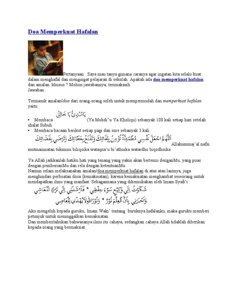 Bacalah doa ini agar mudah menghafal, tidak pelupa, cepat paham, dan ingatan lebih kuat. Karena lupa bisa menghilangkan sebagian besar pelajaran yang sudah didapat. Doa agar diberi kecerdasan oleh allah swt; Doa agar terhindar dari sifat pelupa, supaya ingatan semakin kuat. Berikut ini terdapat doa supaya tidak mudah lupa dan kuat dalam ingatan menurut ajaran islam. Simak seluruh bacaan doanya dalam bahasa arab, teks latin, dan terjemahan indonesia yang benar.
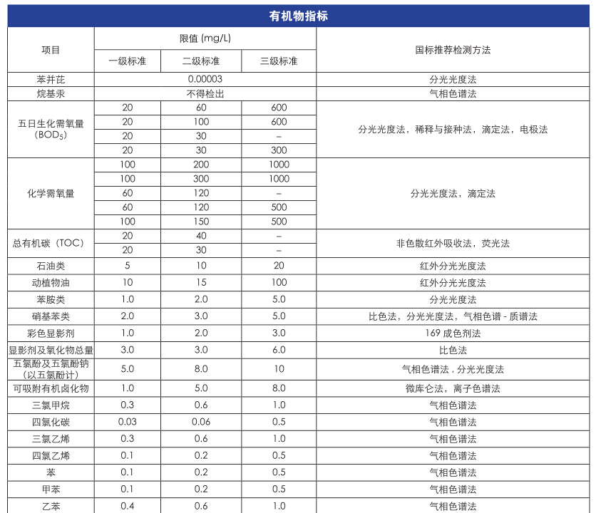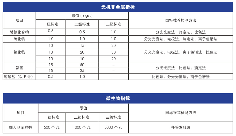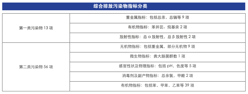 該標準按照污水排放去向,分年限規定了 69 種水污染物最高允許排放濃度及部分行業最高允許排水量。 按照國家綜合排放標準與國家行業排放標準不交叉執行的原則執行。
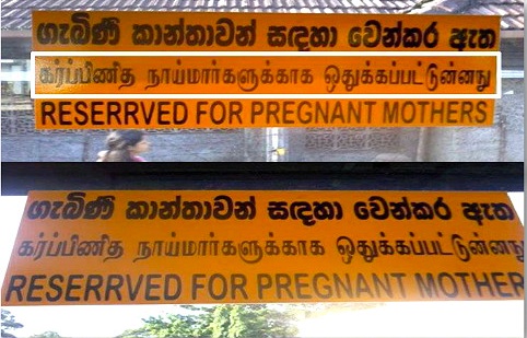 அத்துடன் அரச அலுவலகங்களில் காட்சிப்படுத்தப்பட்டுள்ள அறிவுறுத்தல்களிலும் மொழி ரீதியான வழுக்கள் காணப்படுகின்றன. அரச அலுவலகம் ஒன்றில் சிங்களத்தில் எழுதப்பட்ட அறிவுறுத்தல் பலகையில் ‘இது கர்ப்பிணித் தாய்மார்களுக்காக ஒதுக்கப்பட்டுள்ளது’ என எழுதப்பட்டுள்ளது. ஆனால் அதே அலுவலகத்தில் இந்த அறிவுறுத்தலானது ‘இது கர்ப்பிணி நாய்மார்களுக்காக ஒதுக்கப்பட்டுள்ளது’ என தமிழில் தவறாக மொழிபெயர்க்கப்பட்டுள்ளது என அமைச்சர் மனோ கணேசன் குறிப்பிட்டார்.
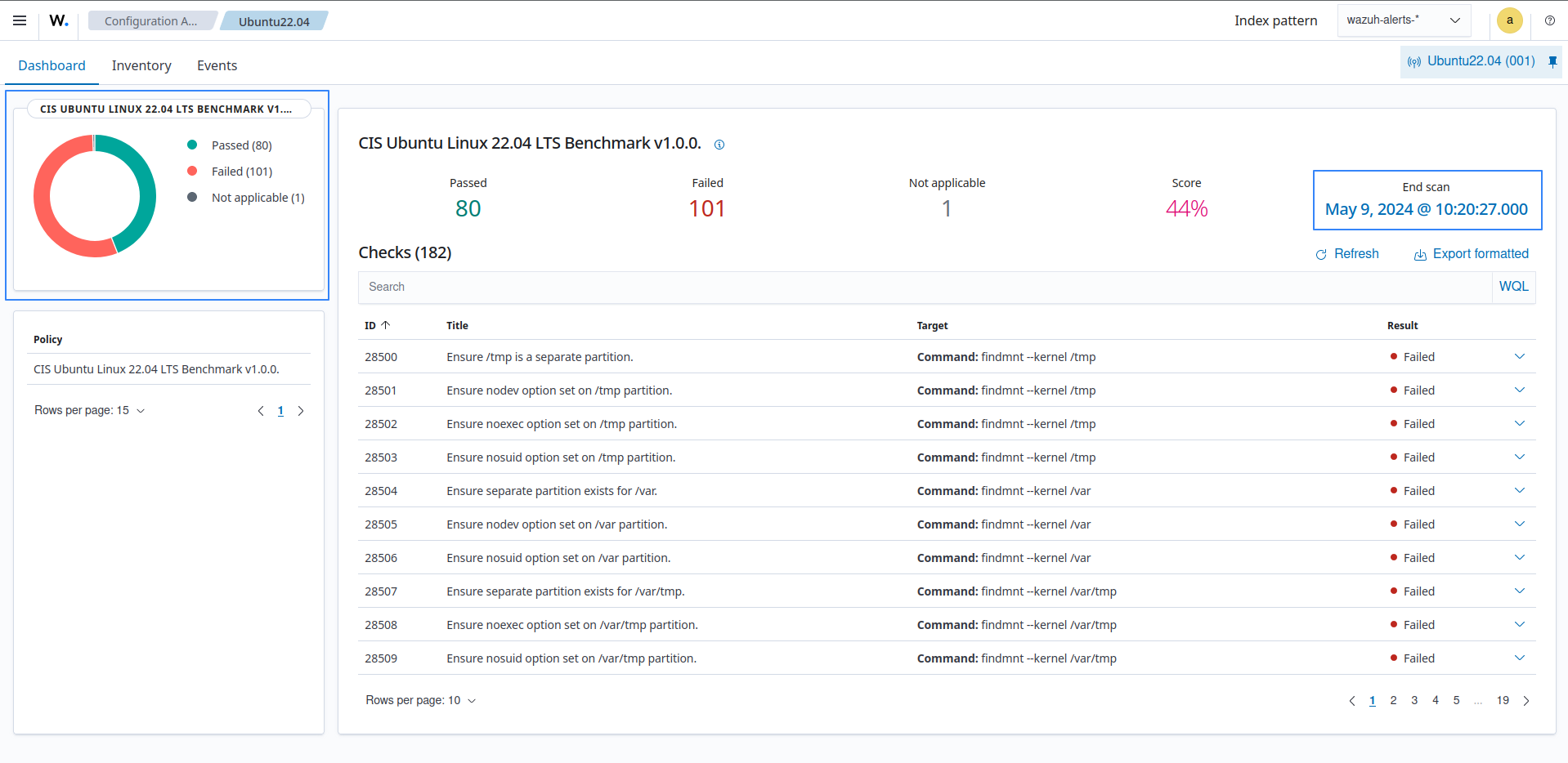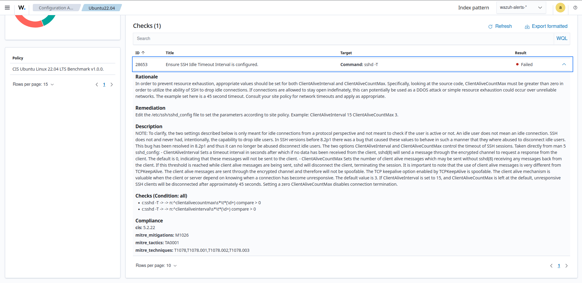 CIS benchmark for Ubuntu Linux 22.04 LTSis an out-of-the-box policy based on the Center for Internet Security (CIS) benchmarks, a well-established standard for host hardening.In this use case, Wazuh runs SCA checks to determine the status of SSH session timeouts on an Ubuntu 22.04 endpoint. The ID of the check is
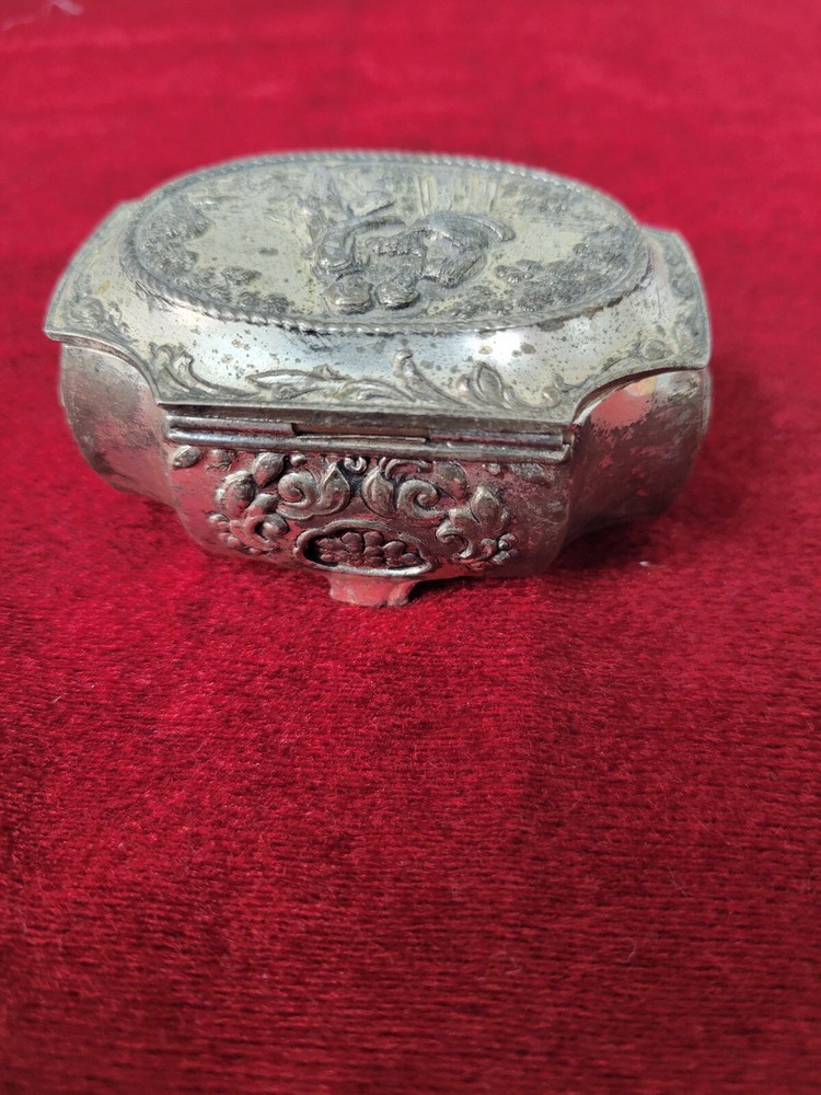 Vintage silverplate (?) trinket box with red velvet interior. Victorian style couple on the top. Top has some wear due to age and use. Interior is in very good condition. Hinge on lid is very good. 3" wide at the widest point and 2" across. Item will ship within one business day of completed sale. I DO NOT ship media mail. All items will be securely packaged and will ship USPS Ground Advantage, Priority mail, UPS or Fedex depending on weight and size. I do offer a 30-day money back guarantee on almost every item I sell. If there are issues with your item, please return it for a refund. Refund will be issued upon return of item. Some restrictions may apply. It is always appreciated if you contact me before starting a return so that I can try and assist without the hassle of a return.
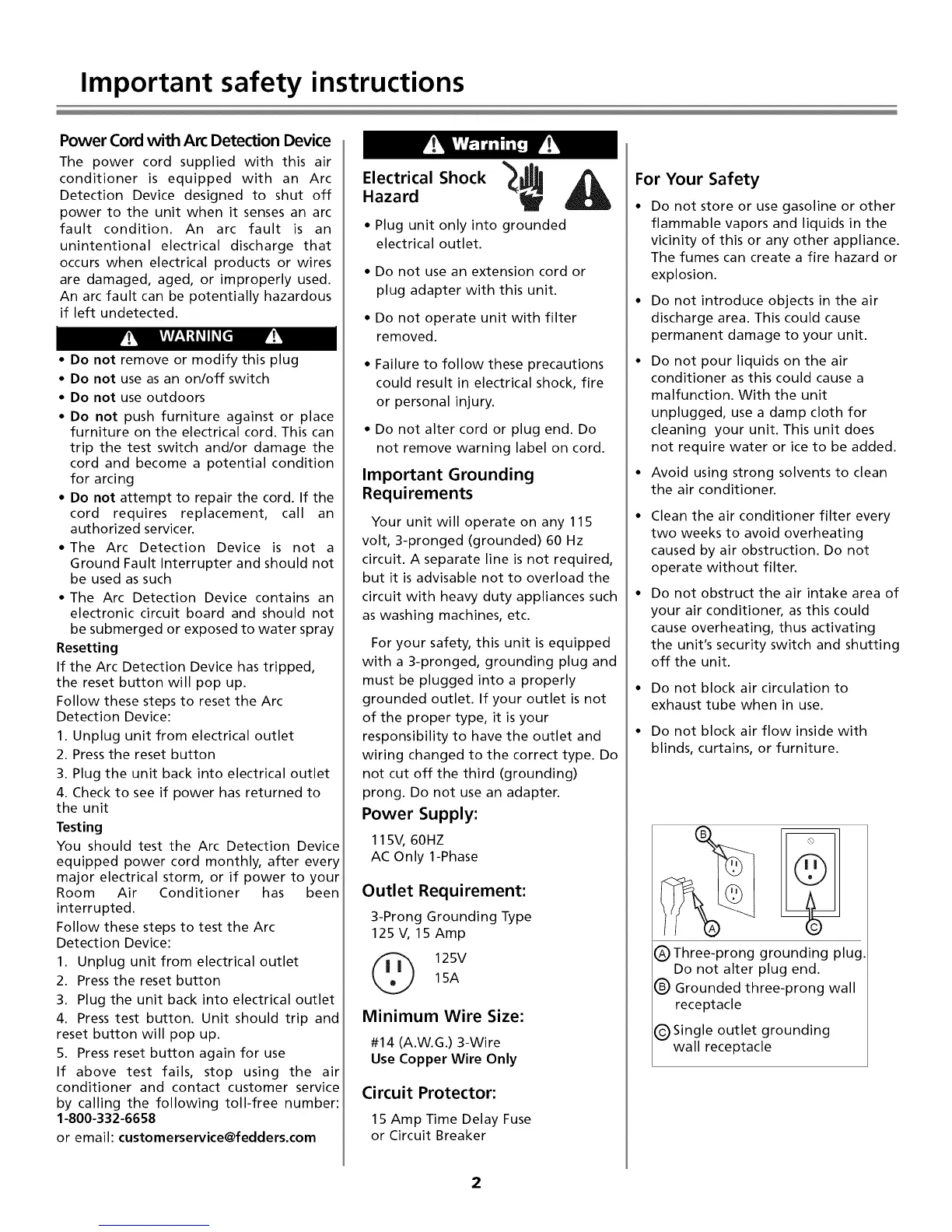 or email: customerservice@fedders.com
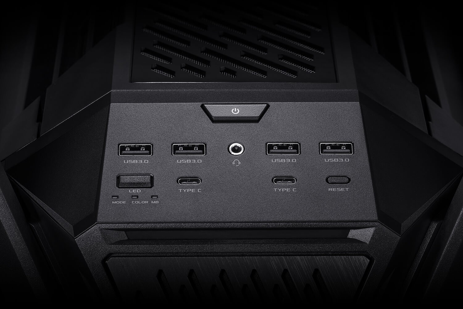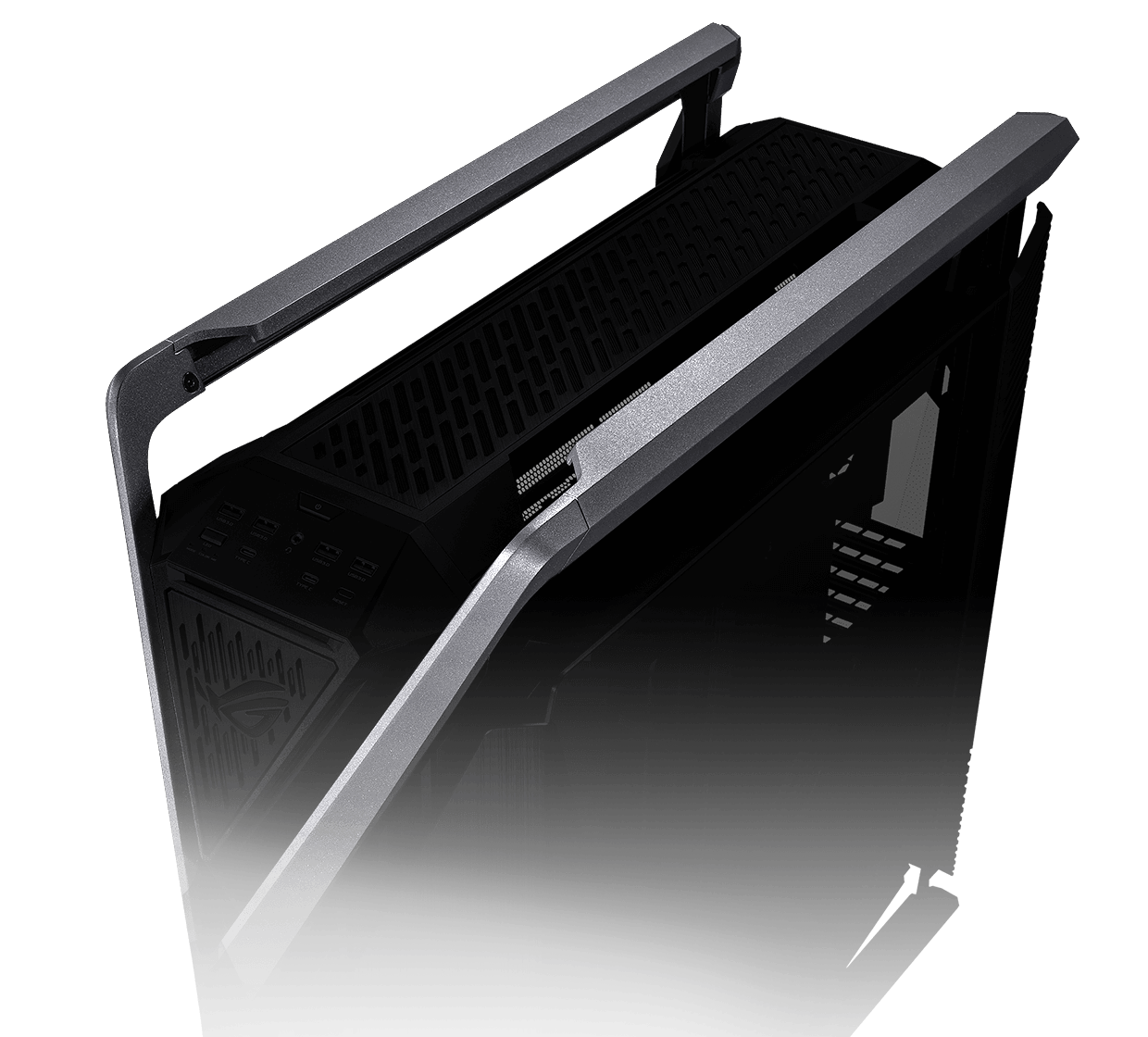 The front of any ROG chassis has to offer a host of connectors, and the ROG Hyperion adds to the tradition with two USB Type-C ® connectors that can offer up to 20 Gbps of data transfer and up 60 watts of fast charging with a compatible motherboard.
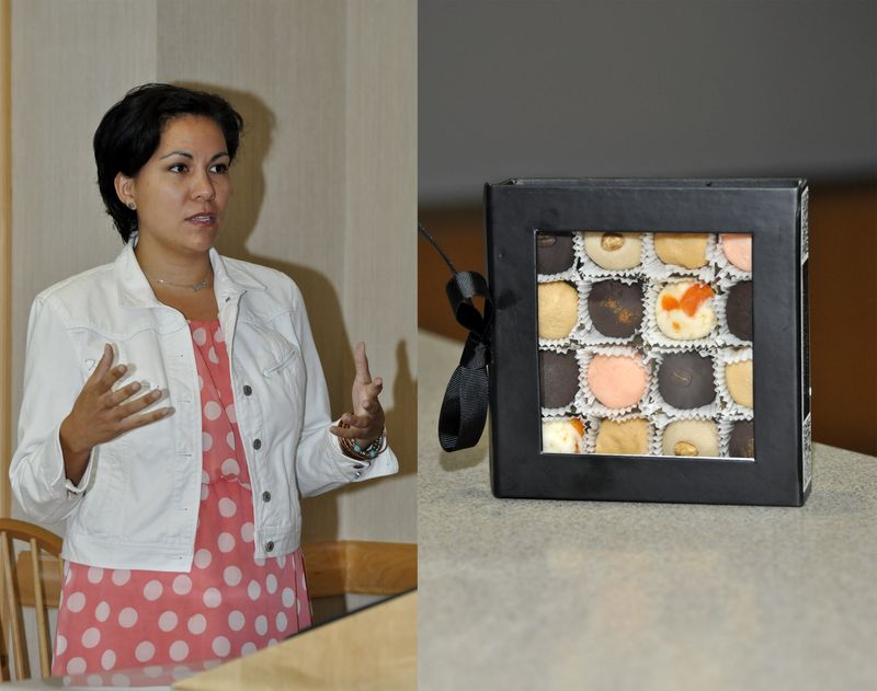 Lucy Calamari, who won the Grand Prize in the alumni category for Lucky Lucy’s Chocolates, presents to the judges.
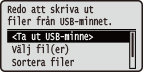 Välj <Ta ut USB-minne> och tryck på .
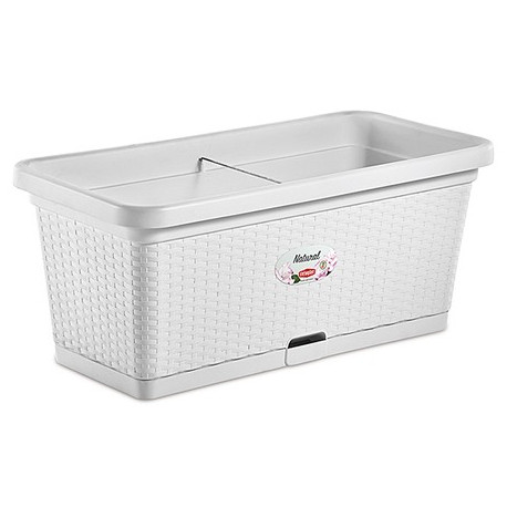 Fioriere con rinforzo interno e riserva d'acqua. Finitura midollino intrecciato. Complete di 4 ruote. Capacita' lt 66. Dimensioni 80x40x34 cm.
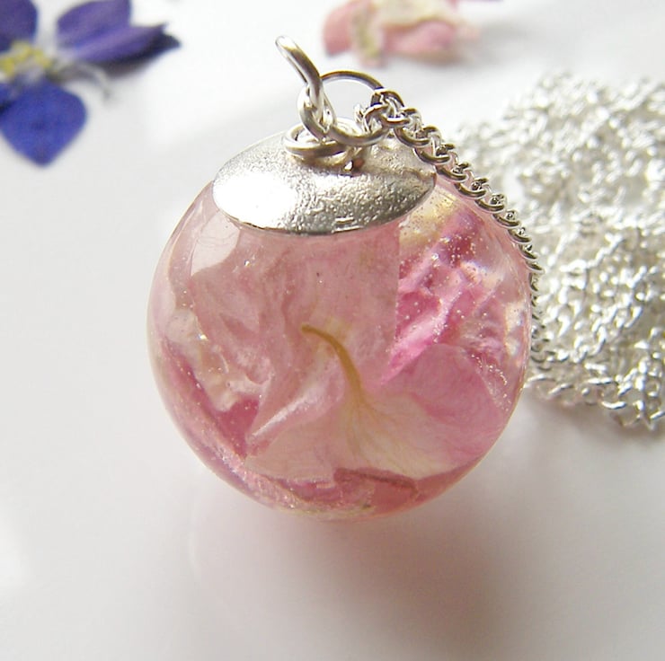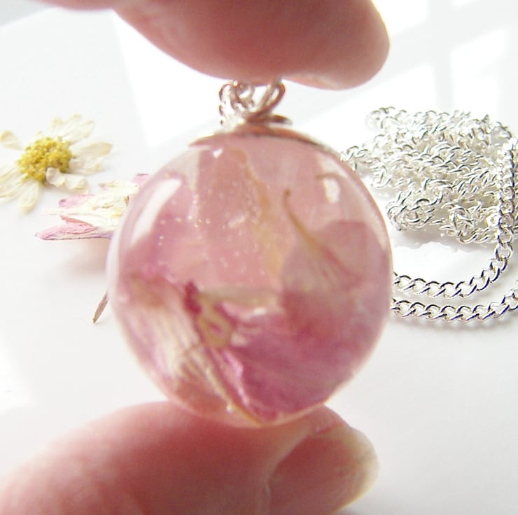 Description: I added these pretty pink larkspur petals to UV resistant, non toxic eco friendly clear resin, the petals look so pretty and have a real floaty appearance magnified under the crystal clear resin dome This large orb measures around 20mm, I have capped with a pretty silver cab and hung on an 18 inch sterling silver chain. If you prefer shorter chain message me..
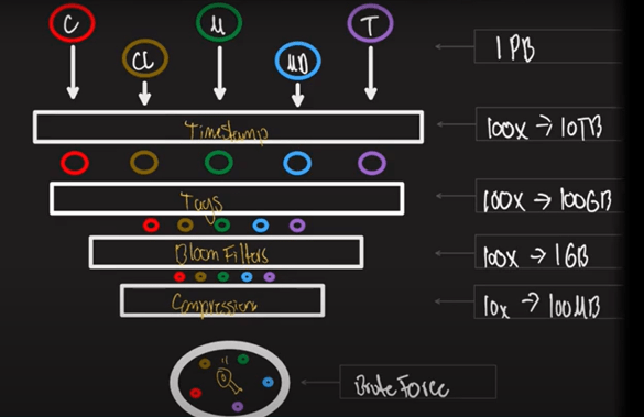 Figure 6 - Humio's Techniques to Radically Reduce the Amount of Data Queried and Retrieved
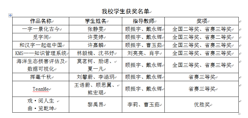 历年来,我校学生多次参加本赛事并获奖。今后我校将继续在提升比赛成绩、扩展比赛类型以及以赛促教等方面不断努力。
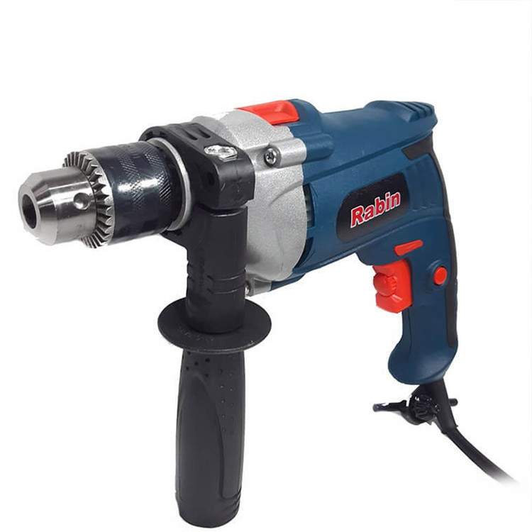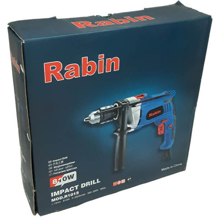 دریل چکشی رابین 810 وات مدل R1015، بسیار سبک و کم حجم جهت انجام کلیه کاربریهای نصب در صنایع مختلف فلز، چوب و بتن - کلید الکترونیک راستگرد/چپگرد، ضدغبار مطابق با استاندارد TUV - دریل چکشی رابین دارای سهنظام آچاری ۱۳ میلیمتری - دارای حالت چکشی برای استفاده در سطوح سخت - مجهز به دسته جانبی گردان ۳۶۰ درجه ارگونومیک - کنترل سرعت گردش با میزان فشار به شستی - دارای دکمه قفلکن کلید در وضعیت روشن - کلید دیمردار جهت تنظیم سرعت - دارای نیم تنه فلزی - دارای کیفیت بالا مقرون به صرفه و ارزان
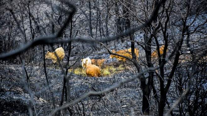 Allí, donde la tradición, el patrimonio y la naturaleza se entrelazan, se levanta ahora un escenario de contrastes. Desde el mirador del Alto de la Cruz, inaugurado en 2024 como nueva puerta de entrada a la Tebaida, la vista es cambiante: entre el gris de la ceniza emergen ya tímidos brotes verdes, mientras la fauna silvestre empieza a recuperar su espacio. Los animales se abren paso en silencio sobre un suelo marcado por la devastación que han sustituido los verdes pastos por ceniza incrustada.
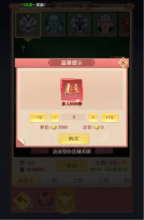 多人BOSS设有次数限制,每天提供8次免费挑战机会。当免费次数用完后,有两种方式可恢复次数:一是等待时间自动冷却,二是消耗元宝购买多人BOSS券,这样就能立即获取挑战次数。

------------------------------------------------------------------------

Aim of the task:
A clean copy is needed of the lines in the listing above from the one with "該標準按照污水排放去向,分年限規定了 69 種水污染物最高允許排放濃度及部分行業最高允許排水量。" through the one with "or email: customerservice@fedders.com", exact in every word and free of pictures.

Expected answer:
 該標準按照污水排放去向,分年限規定了 69 種水污染物最高允許排放濃度及部分行業最高允許排水量。 按照國家綜合排放標準與國家行業排放標準不交叉執行的原則執行。
 அத்துடன் அரச அலுவலகங்களில் காட்சிப்படுத்தப்பட்டுள்ள அறிவுறுத்தல்களிலும் மொழி ரீதியான வழுக்கள் காணப்படுகின்றன. அரச அலுவலகம் ஒன்றில் சிங்களத்தில் எழுதப்பட்ட அறிவுறுத்தல் பலகையில் ‘இது கர்ப்பிணித் தாய்மார்களுக்காக ஒதுக்கப்பட்டுள்ளது’ என எழுதப்பட்டுள்ளது. ஆனால் அதே அலுவலகத்தில் இந்த அறிவுறுத்தலானது ‘இது கர்ப்பிணி நாய்மார்களுக்காக ஒதுக்கப்பட்டுள்ளது’ என தமிழில் தவறாக மொழிபெயர்க்கப்பட்டுள்ளது என அமைச்சர் மனோ கணேசன் குறிப்பிட்டார்.
 CIS benchmark for Ubuntu Linux 22.04 LTSis an out-of-the-box policy based on the Center for Internet Security (CIS) benchmarks, a well-established standard for host hardening.In this use case, Wazuh runs SCA checks to determine the status of SSH session timeouts on an Ubuntu 22.04 endpoint. The ID of the check is
 Vintage silverplate (?) trinket box with red velvet interior. Victorian style couple on the top. Top has some wear due to age and use. Interior is in very good condition. Hinge on lid is very good. 3" wide at the widest point and 2" across. Item will ship within one business day of completed sale. I DO NOT ship media mail. All items will be securely packaged and will ship USPS Ground Advantage, Priority mail, UPS or Fedex depending on weight and size. I do offer a 30-day money back guarantee on almost every item I sell. If there are issues with your item, please return it for a refund. Refund will be issued upon return of item. Some restrictions may apply. It is always appreciated if you contact me before starting a return so that I can try and assist without the hassle of a return.
 or email: customerservice@fedders.com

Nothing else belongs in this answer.